NDPonics (Virginia, US)
On the flanks of western Virginia’s mountains in April, you can find the promise of green and warmth, families of hillside trees, and spring water dripping under carpets of last year’s leaves, headed toward the South River. That’s what I found when Lucas Tyree guided me through a forest on original Monacan land. Lucas spent much of his childhood in this forest. He knows the older trees personally. He feels the plants and rocks as living beings, and the forest spirits that were around us. Lucas has mapped every grave site in his people’s forest, marked by rock piles that I noticed only when Lucas pointed. He also pointed out early mushrooms, invisible to me, blending with the ground until Lucas picked a few. As founder and Executive Director of NDPonics, Lucas leads the Eena-Ahtay (mother-father) AnthroForest project.
NDPonics is dedicated to preserving and restoring a western Virginia forest landscape where Monacan people have lived for centuries, before and after the land was taken from them. The goal of the Eena-Ahtay AnthroForest project is to transform 77 acres of once illegally logged land in the Blue Ridge Mountains into an indigenous food forest. The work is re-creating the traditional Monacan terraced growing system of native plants, trees, and forest crops. The land harbors many streams and ample evidence of ancient temples, burial mounds, and cultivated terraces, a mosaic of wilderness once traditionally managed. The idea is that Monacan people will be able to express their culture and spirituality in their original habitat.

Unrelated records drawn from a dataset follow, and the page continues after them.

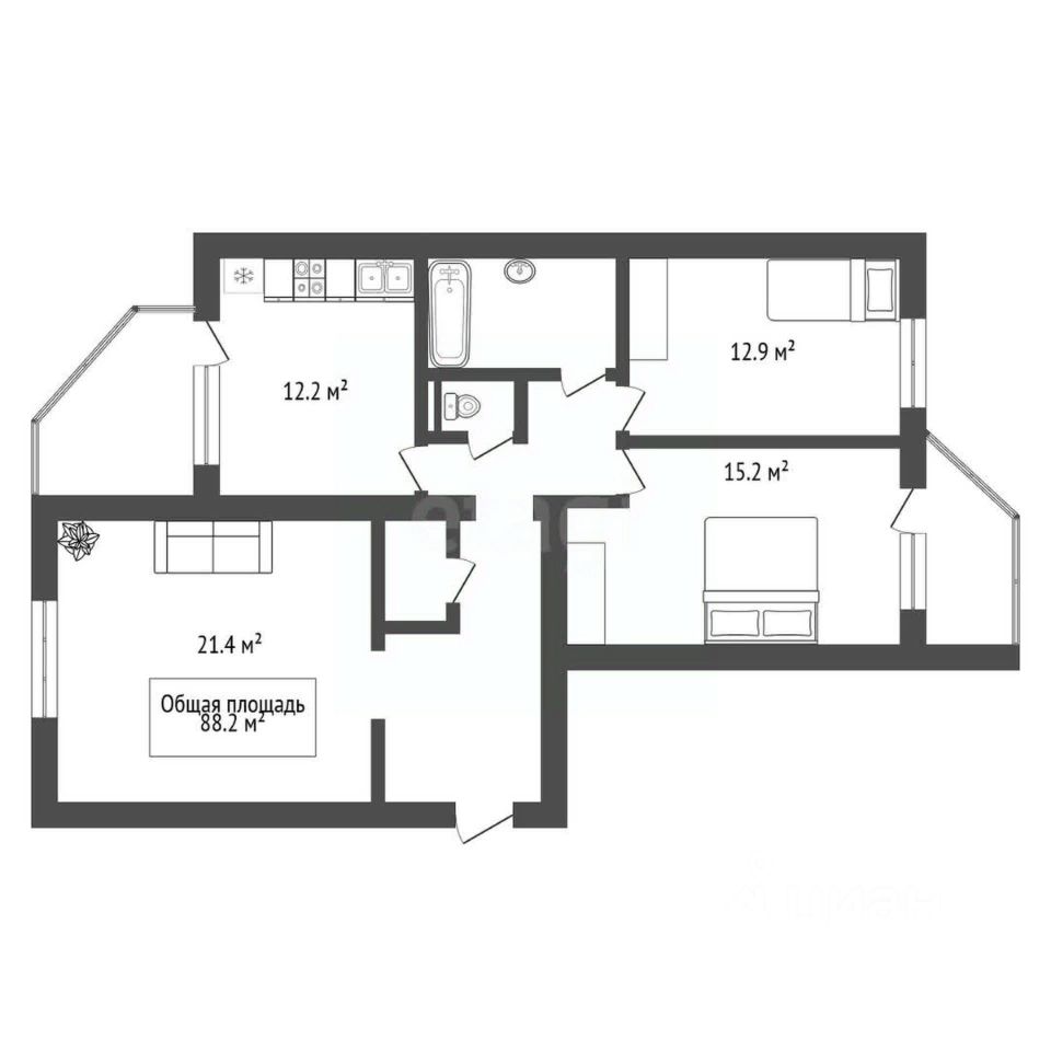 Квартира улучшенной планировки — 88,2 м²
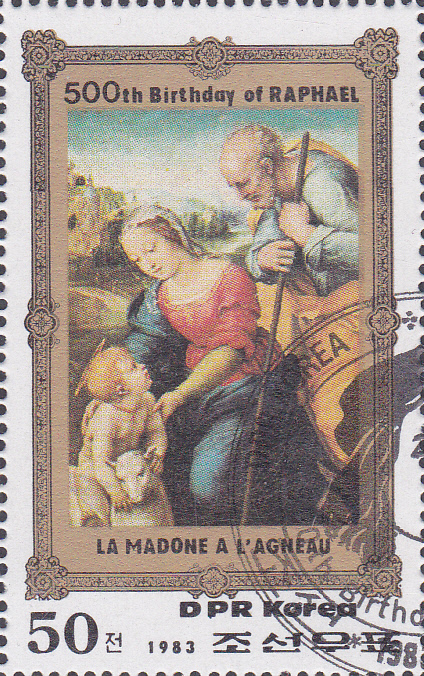 Diese Marke aus der gleichen Ausgabe aus Korea-Nord (MiNr 2343) hat als Motiv Raffaels Gemälde "Die schöne Gärtnerin". Die schöne Gärtnerin (La belle jardinière) wird auch "Madonna und Kind mit Johannes dem Täufer" genannt. Es ist eins der bekanntesten Marienbilder Raffaels.
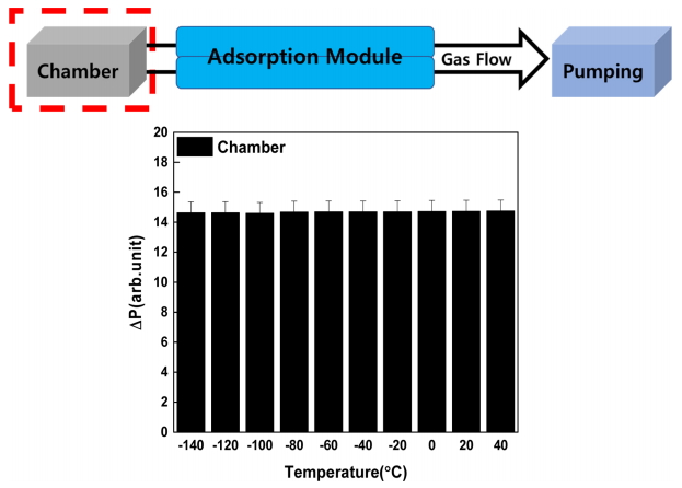 바라트론 게이지(Baratron Gauge)를 통해 흡착 모듈의 압력 변화를 관찰하였다. 설정된 공정 압력에서 챔버의 압력은 온도에 관계없이 거의

As a boy, Lucas Tyree learned traditional Monacan lifeways in the Blue Ridge Mountains from his father and grandfather, who told him that these mountains are the only place he could be himself. They said, walk barefoot and feel the roots of the trees and coolness of the earth in contrast to the blazing sun. We are the forest’s caretakers, healthy when we eat the foods that grow here. Monacan people protected the forest for nine generations without having to fell its trees, while farming the mountain slopes using a system of terraces. The anthro-forest will have an overstory of nut trees, a midstory of fruit trees, and understory of berry bushes, edible herbs, vegetables, medicinal plants, mushrooms, and tubers. The forest spirits are there to help. The land where Lucas’ grandfather made his home is now a peaceful meadow surrounded by chestnut, hickory, and white oak trees, and mulberry, huckleberry, raspberry, ginseng, bloodroot, bluestem, pawpaw, and persimmon, a living blueprint of Monacan life for centuries.
Within the Eena-Ahtay Project, NDPonics is creating a safe space for Indigenous and other marginalized communities in Virginia and North Carolina, where they can gather together and exchange agroecological knowledge, culture and language, and traditional cuisine. The work has a Traditional Ecological Knowledge and Indigenous Conservation component for remediating old-growth and formerly logged forest lands, nurturing wild grass and pollinator flat meadows, and developing food producing riparian areas around an eastern brook trout stream. The mountain-to-valley food production system approach of NDPonics is creating a tradition-grounded model for other tribes to consider for their lands. NDPonics is also working to purchase and restore additional land, to expand the scope of its Eena-Ahtay Project from the mountainside forest lands down to riparian lands. Through these efforts, NDPonics seeks to preserve indigenous foodways and promote self-determination, self-respect, and community health.